At the same event, Irish Senator Gerry Horkan insisted that “Iran is on the verge of a revolution” that would eliminate the need for such false hope regarding moderation, and would instead usher in an altogether new government based on the democratic principles outlined in Mrs. Rajavi’s 10-point plan for Iran’s future. “We must preempt any form of criminal and violent reaction by the regime,” Horkan added to the looming change is to be driven by the Iranian people themselves, and not by direct Western intervention.
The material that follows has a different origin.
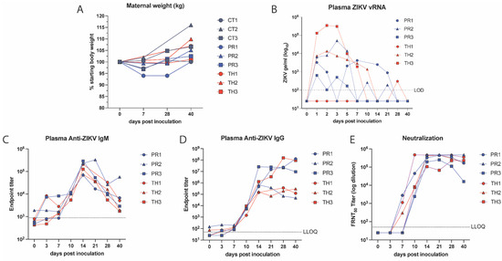 Maternal body weight was measured as a sign of disease and showed a steady increase in ZIKV-TH animals, which mirrored controls, as would be expected during pregnancy (Figure 2A). Compared to the ZIKV-PR, an average decrease in body weight was observed at 7 dpi and weight gain lagged behind until endpoint at 40 dpi. This was particularly pronounced in one animal (PR1) with a 6% reduction in body weight at 7 dpi and 28 dpi before returning to baseline at 40 dpi. The duration of maternal viremia is considered an important factor contributing to transplacental dissemination and could contribute to clinical symptoms such as weight loss [62]. Maternal viremia kinetics were measured by qRT-PCR for both ZIKV-PR- and ZIKV-TH-infected animals. Two of three animals in each group had detectable ZIKV vRNA in plasma by 1-day post-infection (dpi) and reached peak plasma viral load between 1 and 3 dpi (mean time to peak was 2 dpi) (Figure 2B and Figure S1). ZIKV plasma viremia was resolved by 14 dpi in all animals, with sporadic positive detections in three animals at low genome copy numbers at 21 and 28 dpi. To examine the magnitude and duration of ZIKV detection in maternal plasma, the area under the curve (AUC) for each dam’s ZIKV plasma viral load was calculated. The AUC values were compared between strains using a paired two-tailed t-test, which showed that these values did not significantly differ between strains (p = 0.3171).
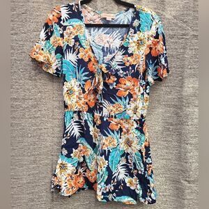 Get ready to turn heads and embrace your inner wanderlust with our Band Of Gypsies tropical romper! This vibrant V-neck beauty is the epitome of summer style. With its eye-catching colors of orange, teal, navy, and white, adorned with tropical flowers and palm leaves, you'll feel like you're on a tropical getaway wherever you go. The lightweight fabric will keep you cool and comfortable, while the flattering cut will accentuate your curves in all the right places. Whether you're strolling on the beach or dancing the night away, this romper is your ticket to effortless style and endless adventures. So go ahead, channel your inner free spirit and make a bold statement with our Band Of Gypsies tropical romper!

On some level, Iranian officials seem to expect the same thing. This was reflected in the regime’s Supreme Leader’s warnings about an ascendant democratic Resistance movement, and it has more recently been reflected in statements from some members of the regime’s parliament like Ahmad Hossein Fallahi, who recently commented on social problems including but not limited to the worsening coronavirus outbreak by saying that the restive population has placed responsibility for all such problems “on the state and on the Supreme Leader.”

This popular disdain for the ruling system should be recognized throughout the world for what it is: a sign that the Iranian regime’s days are numbered.